PAPR and security in OFDM-PON via optimum block dividing with dynamic key and 2D-LASM.

Abstract

An approach for peak-to-average-power ratio (PAPR) reduction and security improvement in an orthogonal frequency division multiplexing passive optical network (OFDM-PON) is proposed by using optimum block dividing with 2-dimensional logistic adjusted sine map (2D-LASM) and dynamic key assignment technique. One frame of OFDM signal can be regarded as a symbol matrix. All the divisors of length and width of matrix can be calculated out, and each divisor of length and width can be arbitrarily combined to divide the matrix into blocks. A 4D hyperchaotic system is applied to generate a cipher book for 2D-LASM. And we assign different dynamic key groups from the cipher book for 2D-LASM to encrypt different block dividing situations. Different encrypted divisor blocks can obtain different values of PAPR. The optimum dividing situation is obtained by calculating out the minimum value of PAPR (VPAPR).

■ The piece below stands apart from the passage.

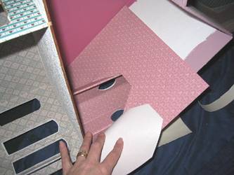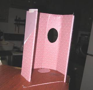 Once I have the paper laid against the back wall, I again rub the paper down against the tower, just running my finger and fingernail along the curves, which makes creases in the paper--and that's how I know where to cut the paper.

The values of optimum encryption signal (VPAPR-op), the original signal (VPAPR-or) and the optimization ratio (η) are gradually equal to 146, 269 and 1.82, respectively, with the number of quadrature amplitude modulation (QAM) symbols in each subcarrier increasing. Simulating 1000 sets of 120×200 QAM symbols, the distribution of η approximately meets the Rayleigh distribution and its central distribution is around 1.7. The processing time decreases with the number of QAM symbols increasing in each block. The performance of PAPR reduction is more than 3 dB between the secure optimum signal and the original signal. In addition, the hyper-threading technique with two algorithms is applied to improve the performance of the encryption method. They promote the processing time by 38.6% and 50%, respectively. Finally, a 22.06 Gb/s optimum encryption OFDM signal transmits through a back-to-back (BTB) system and a 25-km standard single mode fiber (SSMF). These experimental results verify that the proposed approach is a promising candidate for solving both of PAPR reduction and security improvement in access network systems.